======== RECORD EXCERPTS ========

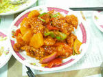 肉是在油鍋裏炸透后,再撈起和菠蘿炒在一起。所以肉咬上去是硬硬脆脆的,配上菠蘿和番茄醬,酸甜的口感很是開胃。
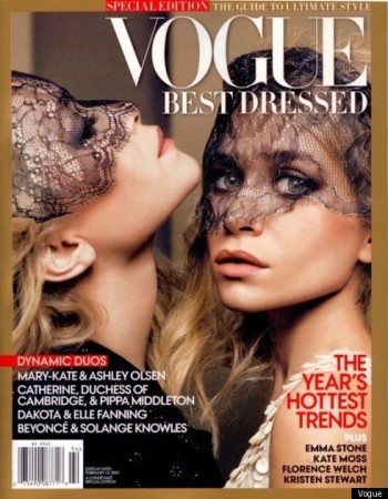 Já na edição especial das mais bem-vestidas do ano, a capa ficou com as irmãs Olsen, muito provavelmente pelo sucesso da grife The Row. E como irmãs também são tendência forte, as Fanning, Elle e Dakota, estão na capa da W, usando Valentino, quase como seres diáfanos nas fotos de Mario Sorrenti. Como elas adoram alta-costura, no editorial vestem looks de Giambattista Valli, Givenchy Couture e Chanel.
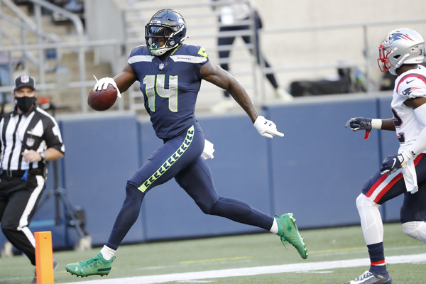 Seattle Seahawks wide receiver D.K. Metcalf catches a 54-yard pass and runs in for a touchdown in a game against New England Patriots on Sunday, September 20, 2020, at CenturyLink Field in Seattle, WA. (Dean Rutz/The Seattle Times/TNS)
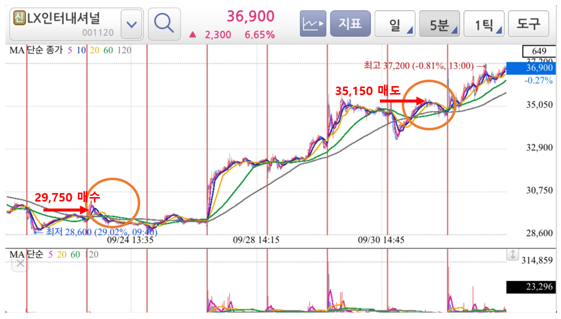 9월 24일 금요일 매수 평균가는 29,750원이었고, 10월 1일 금요일 매도 평균가는 35,150원 이었다.
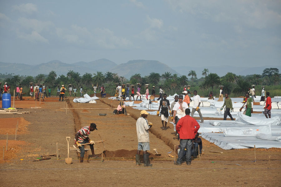 Building the Ebola management centre in Magburaka, Sierra Leone. December 2014 © Ralf Ohnmacht/MSF
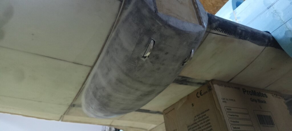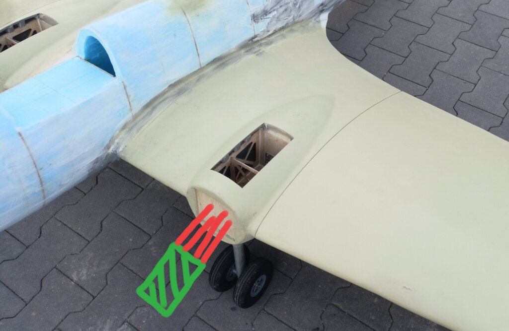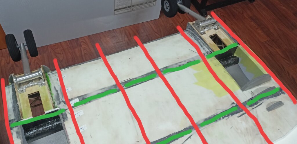 Cześć, dawno się tu nic nie działo. Przez ten czas narobiły się spore zaległości w relacji. Jeszcze przed kryciem tkaniną przykleiłem domki silników ze sklejki 6mm. Boki są wzmocnione tkaniną węglową. Następnie wziąłem się za pokrycie centropłatu, robiłem to po raz pierwszy więc nie obyło się bez błędów. Pierwsza warstwa to tkanina 80g i wzmocnienia węglowe 160g, zostawiłem to do wyschnięcia (pierwszy błąd). Teraz żeby druga warstwa się trzymała delikatnie zmatowiłem pierwszą warstwę i położyłem tkaninę Interglass, na to od razu mikrobalon. Podczas szlifowania chciałem sobie ułatwić sprayem, średni był ten spray bo był brązowy i nie dało się go całkowicie wyszlifować z białego/ przeźroczystego laminatu. Wyszło pancerne, przez dzielenie warstw trochę ciężko ale nie jest źle. Największy błąd który popełniłem to konstrukcja dźwigara, sam nie wiem dlaczego tak zrobiłem ale dźwigar jest klejony z kawałków. Niby całość kleiłem wzmacniając wszystko paskami tkaniny ale nie daje mi to spokoju. Rysunek to pokaże, żeberka (czerwone) są całe a dźwigar (zielone) jest podzielone na takie kawałki: Łoś stoi już na docelowym podwoziu, robiłem testy - na kadłubie który jest na środku centropłatu układałem 50kg. Wszystko spokojnie wytrzymuje, nic się nie ugina nie trzeszczy. 50 kg to prawie 3 krotność wagi do lotu. Dźwigar jest za to wzmocniony węglem co trochę widać na zdjęciu, pokrycie nadaje dużo sztywności . Myślicie że to wytrzyma czy trzeba będzie robić na nowo? Wracając do budowy, po pokryciu zaczęły powstawać gondole silników: Gondole wyszły całkiem fajnie, od dołu wystają elementy podwozia. Nie przewidziałem wysokości głównego zawiasu podwozia, ale praktycznie nie będzie tego widać. Reszta będzie w drugiej części.
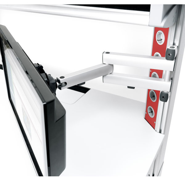 TFT-Schwenkarm zur höhenvariablen Montage an der Stirn- oder Breitseite des Profils, für Monitore bis 15 kg
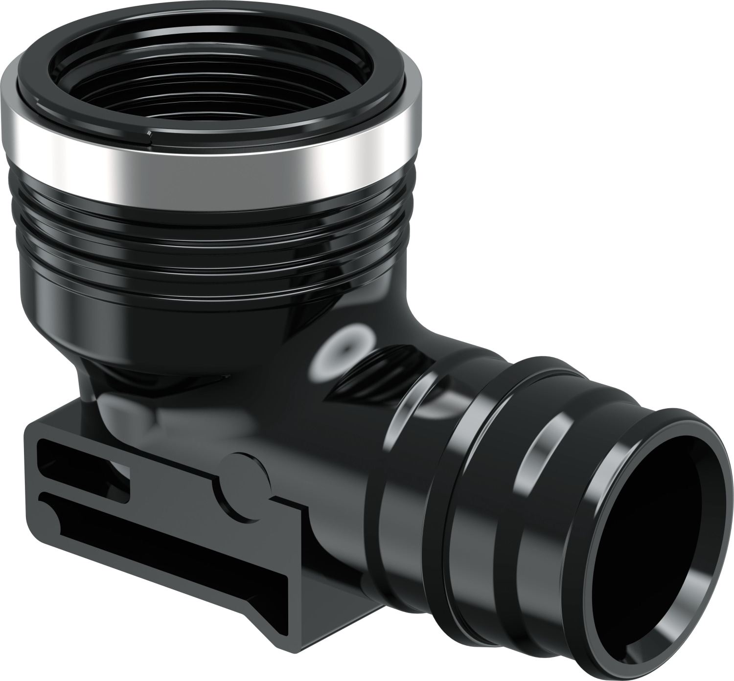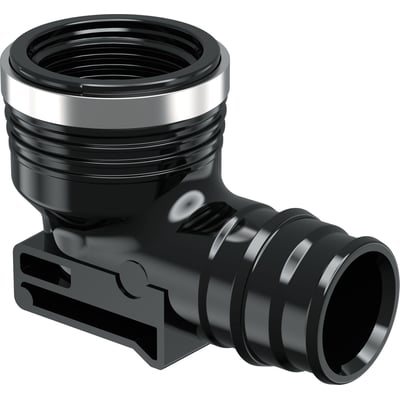 Uponor Q&E vinkel med muffe i PPSU. Til Q&E koblingssystem med Uponor PE-Xa rør. OBS: Uden Q&E ringe (skal købes separat).
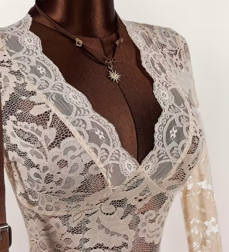 Lace Hollow-Out Floral Mesh lingerie dress - V-Neck
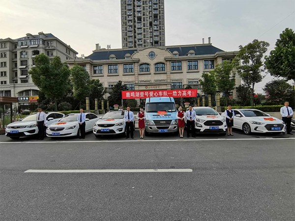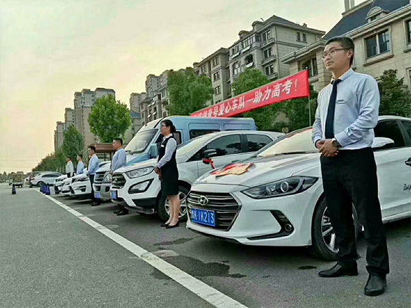 高考前一天服務中心組織員工愛心車隊,護送考生加油助威。
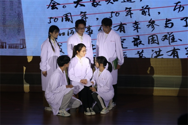 2021级中医学(屠呦呦班)朱逸菲等学生身着白大衣再现屠呦呦矢志青蒿,潜心医学,以国家需求为己任,投身科研创新的故事,青蒿素故事是党的女儿书写初心使命的故事,是共和国医者勇攀医学高峰的故事。朱逸菲捧读屠呦呦先生给伟德国际victor1946官网屠呦呦班全体学生的回信,“希望你们尽快成长、超越前人,成为中医药事业发展的栋梁,共同创造人类美好的明天。”
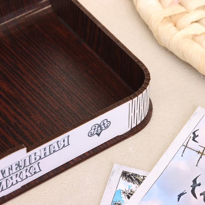 Шкатулка дерево 6 делений "Грибы" бежево-синяя 17х24х7 см
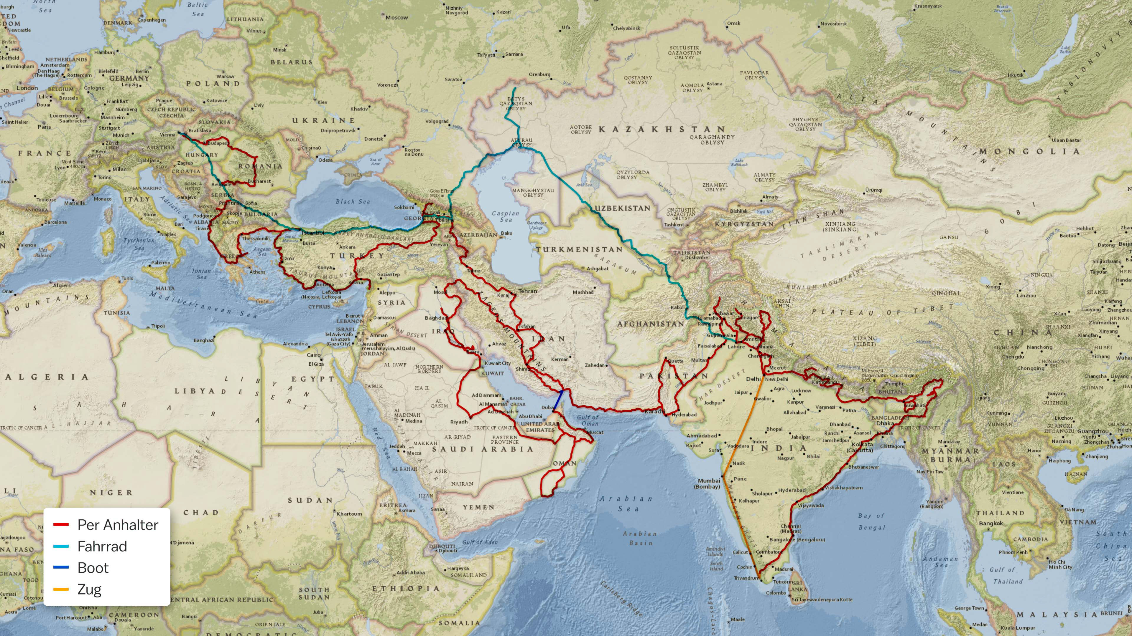 Mit 21 Jahren bricht Valentin Macke auf. Er trampt nach Osten: Türkei, Kaukasus, Iran, Pakistan, Indien. Dann mit einem alten Drahtesel aus Pakistan zurück durch Afghanistan, Kasachstan und Russland. Das Abenteuer führt von Dschungel und Wüsten bis ins Hochgebirge. Unterwegs vertraut er auf Lastwagenfahrer, Nomaden und Taliban.
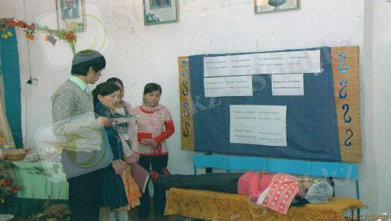 Көрнекілігі: Тақырып, цитата сөздер жазылған плакаттар, жасыл жапқыш, екі жасыл орындық, жарнама бұрышы, "Жасыл дәріхана" бұрышы, жеміс - жидектер, өсімдік түрлері, емдік қасиеті бар табиғи заттар.
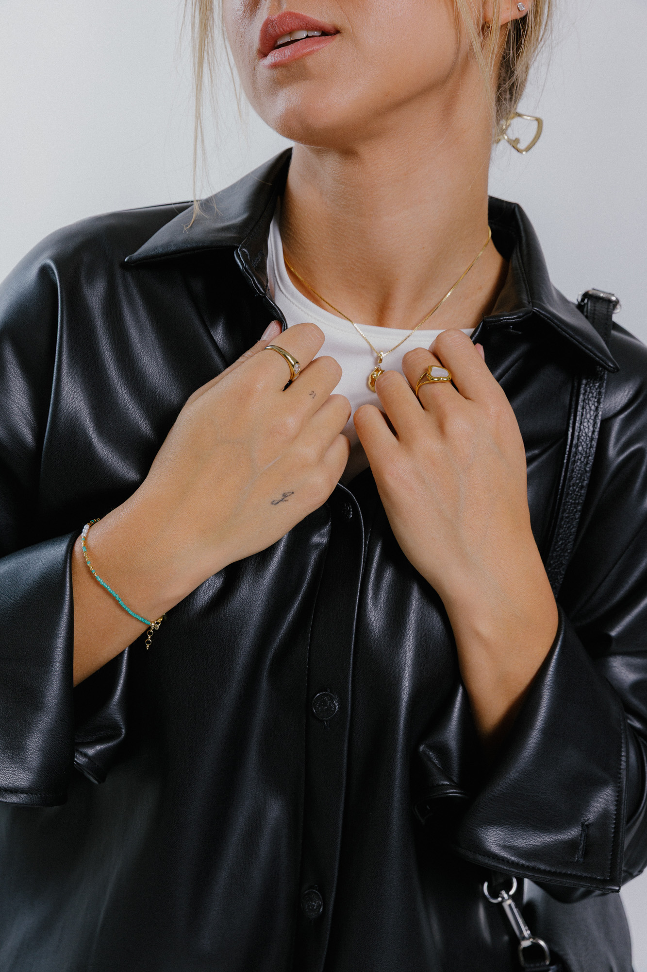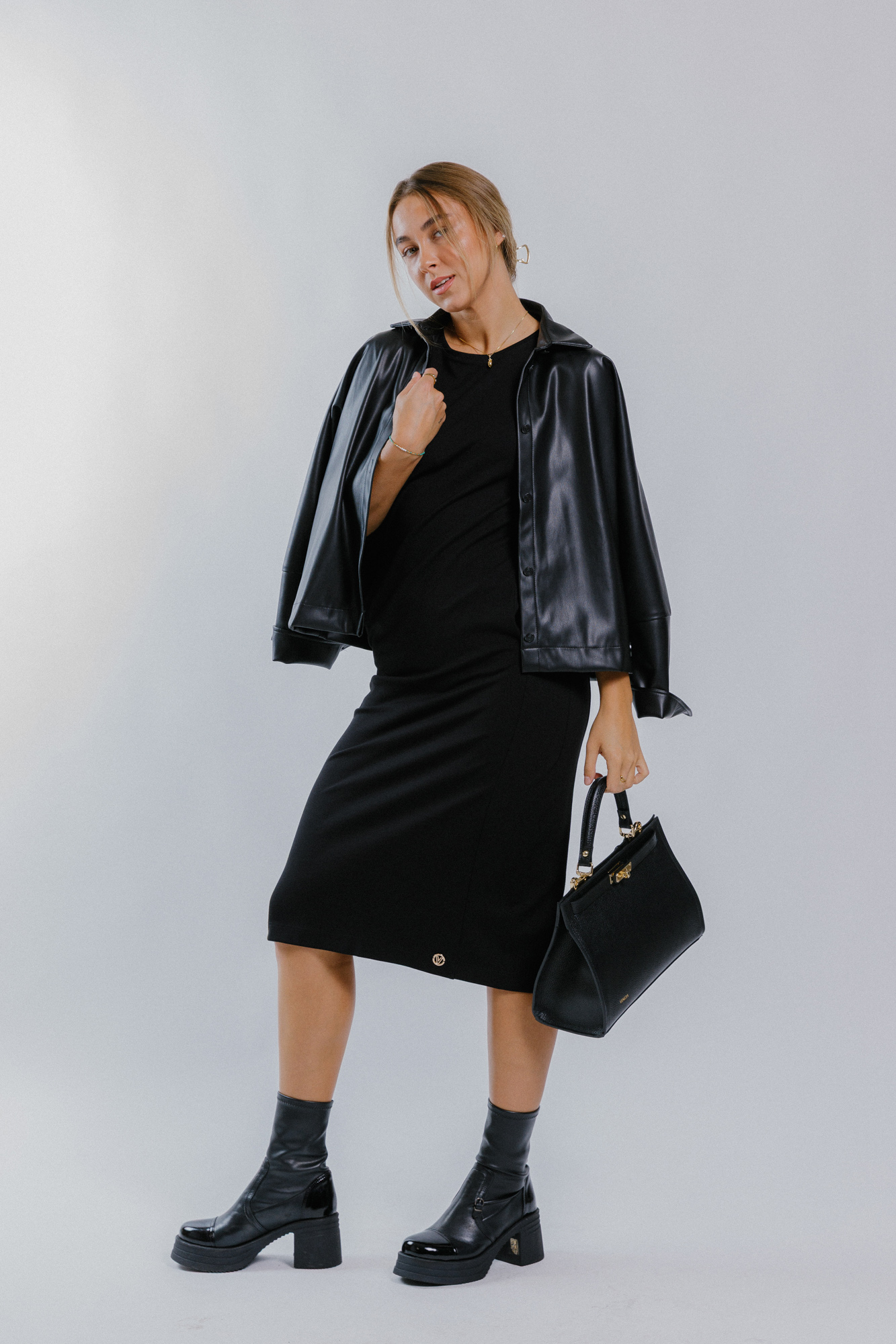 Míry modelky: prsa 85 cm; pas 65 cm; boky 92 cm; výška 174 cm. Modelka má na sobě velikost XS.

========

* _INSTRUCTIONS TO FOLLOW_: Starting at the line containing "Uponor Q&E vinkel" and stopping at the line containing "Mit 21 Jahren", output every line above exactly, both ends included, with pictures omitted.

* _RESPONSE TO THE TASK_:
 Uponor Q&E vinkel med muffe i PPSU. Til Q&E koblingssystem med Uponor PE-Xa rør. OBS: Uden Q&E ringe (skal købes separat).
 Lace Hollow-Out Floral Mesh lingerie dress - V-Neck
 高考前一天服務中心組織員工愛心車隊,護送考生加油助威。
 2021级中医学(屠呦呦班)朱逸菲等学生身着白大衣再现屠呦呦矢志青蒿,潜心医学,以国家需求为己任,投身科研创新的故事,青蒿素故事是党的女儿书写初心使命的故事,是共和国医者勇攀医学高峰的故事。朱逸菲捧读屠呦呦先生给伟德国际victor1946官网屠呦呦班全体学生的回信,“希望你们尽快成长、超越前人,成为中医药事业发展的栋梁,共同创造人类美好的明天。”
 Шкатулка дерево 6 делений "Грибы" бежево-синяя 17х24х7 см
 Mit 21 Jahren bricht Valentin Macke auf. Er trampt nach Osten: Türkei, Kaukasus, Iran, Pakistan, Indien. Dann mit einem alten Drahtesel aus Pakistan zurück durch Afghanistan, Kasachstan und Russland. Das Abenteuer führt von Dschungel und Wüsten bis ins Hochgebirge. Unterwegs vertraut er auf Lastwagenfahrer, Nomaden und Taliban.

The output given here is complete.